Every record below is to be copied exactly, with its images omitted.

--

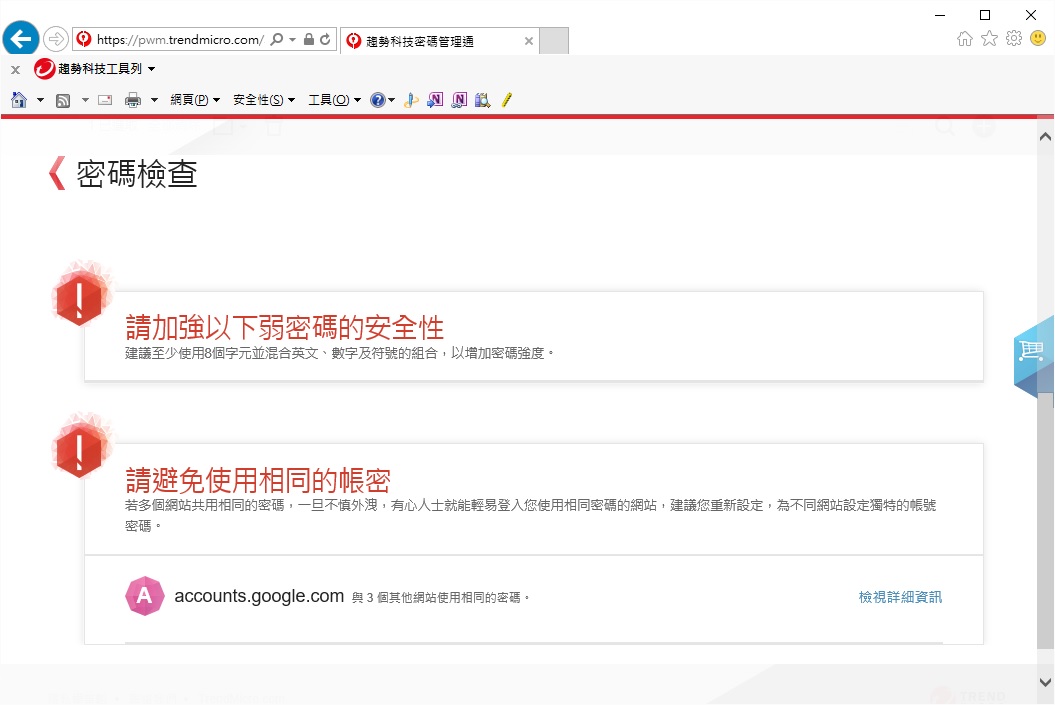 ▲ 密碼管理通找到25個未受保護的密碼,其中IE有23組,Chrome有2組。
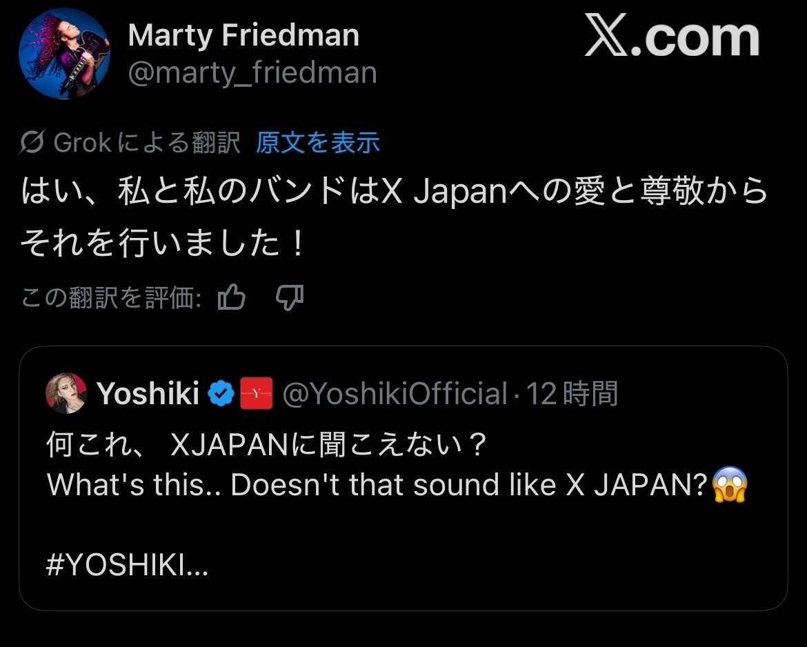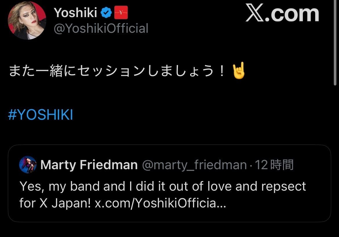 マーティー・フリードマン「リスペクト込めて弾かせてもらったよ!」 YOSHIKI「また一緒にセッションしましょう!🤘」
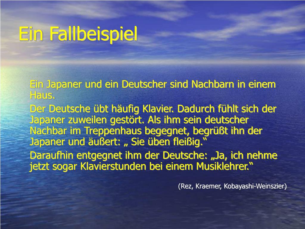Ein Fallbeispiel Ein Japaner und ein Deutscher sind Nachbarn in einem Haus. Der Deutsche übt häufig Klavier. Dadurch fühlt sich der Japaner zuweilen gestört. Als ihm sein deutscher Nachbar im Treppenhaus begegnet, begrüßt ihn der Japaner und äußert: „ Sie üben fleißig.“ Daraufhin entgegnet ihm der Deutsche: „Ja, ich nehme jetzt sogar Klavierstunden bei einem Musiklehrer.“ (Rez, Kraemer, Kobayashi-Weinszier)
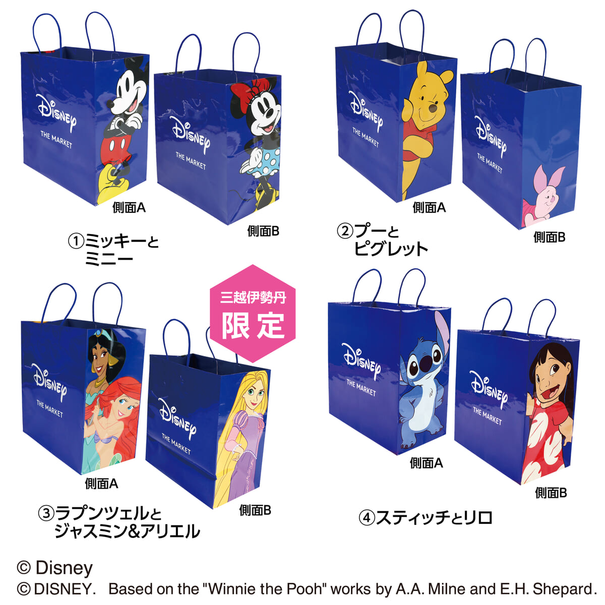 期間中、『Disney THE MARKET 2025 in 福岡三越』会場にて、『Disney THE MARKET』限定デザイン ショッピングバッグ全4種を販売。
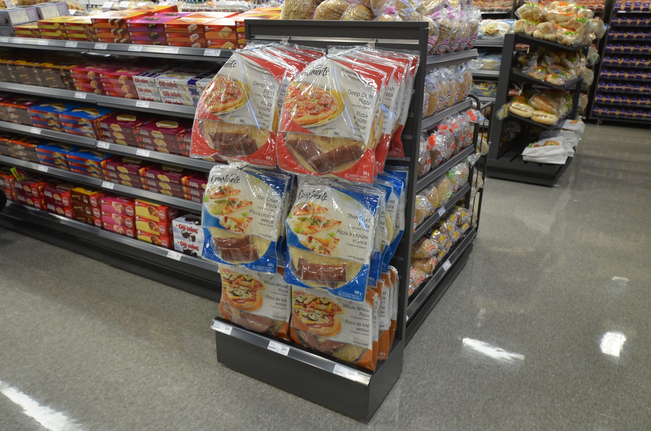 8. Flatbreads: People love flatbreads, but it’s not wise to display them the same way you’d display other bread. We’ve designed displays with pegs to hold flatbreads and help keep them organized and easily accessible.
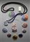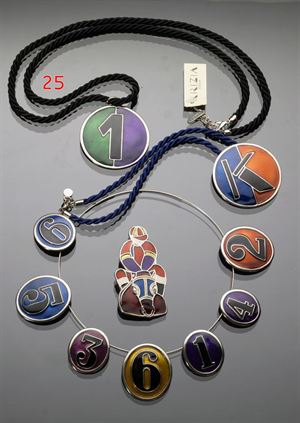 KRIZIA Collana lunga con cordoncino nero e ciondolo a forma di piccolo disco su base smaltata viola e verde con impresso in nero il numero 1, anni '80 Diam cm 5,5 1980's black corded necklace with round purple and green enameled medalion with black number 1 motif
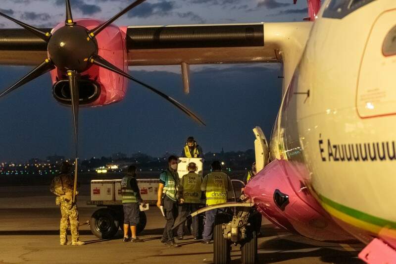 Foto: Gustavo Mansur/Palácio PiratiniUm novo lote de vacinas contra o coronavírus, enviado pelo Ministério da Saúde, chegou ao Rio Grande do Sul no início da manhã desta sexta-feira (16). A carga desembarcou no aeroporto Salgado Filho antes das 6h.
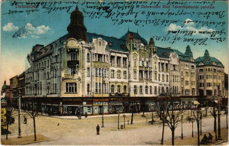 Leírás: 1916 Debrecen, Debreczeni Első Takarékpénztár palotája, Kontsek Kornél üzlete (Rb)

--

**ANSWER TO THIS EXERCISE:**
 ▲ 密碼管理通找到25個未受保護的密碼,其中IE有23組,Chrome有2組。
 マーティー・フリードマン「リスペクト込めて弾かせてもらったよ!」 YOSHIKI「また一緒にセッションしましょう!🤘」
Ein Fallbeispiel Ein Japaner und ein Deutscher sind Nachbarn in einem Haus. Der Deutsche übt häufig Klavier. Dadurch fühlt sich der Japaner zuweilen gestört. Als ihm sein deutscher Nachbar im Treppenhaus begegnet, begrüßt ihn der Japaner und äußert: „ Sie üben fleißig.“ Daraufhin entgegnet ihm der Deutsche: „Ja, ich nehme jetzt sogar Klavierstunden bei einem Musiklehrer.“ (Rez, Kraemer, Kobayashi-Weinszier)
 期間中、『Disney THE MARKET 2025 in 福岡三越』会場にて、『Disney THE MARKET』限定デザイン ショッピングバッグ全4種を販売。
 8. Flatbreads: People love flatbreads, but it’s not wise to display them the same way you’d display other bread. We’ve designed displays with pegs to hold flatbreads and help keep them organized and easily accessible.
 KRIZIA Collana lunga con cordoncino nero e ciondolo a forma di piccolo disco su base smaltata viola e verde con impresso in nero il numero 1, anni '80 Diam cm 5,5 1980's black corded necklace with round purple and green enameled medalion with black number 1 motif
 Foto: Gustavo Mansur/Palácio PiratiniUm novo lote de vacinas contra o coronavírus, enviado pelo Ministério da Saúde, chegou ao Rio Grande do Sul no início da manhã desta sexta-feira (16). A carga desembarcou no aeroporto Salgado Filho antes das 6h.
 Leírás: 1916 Debrecen, Debreczeni Első Takarékpénztár palotája, Kontsek Kornél üzlete (Rb)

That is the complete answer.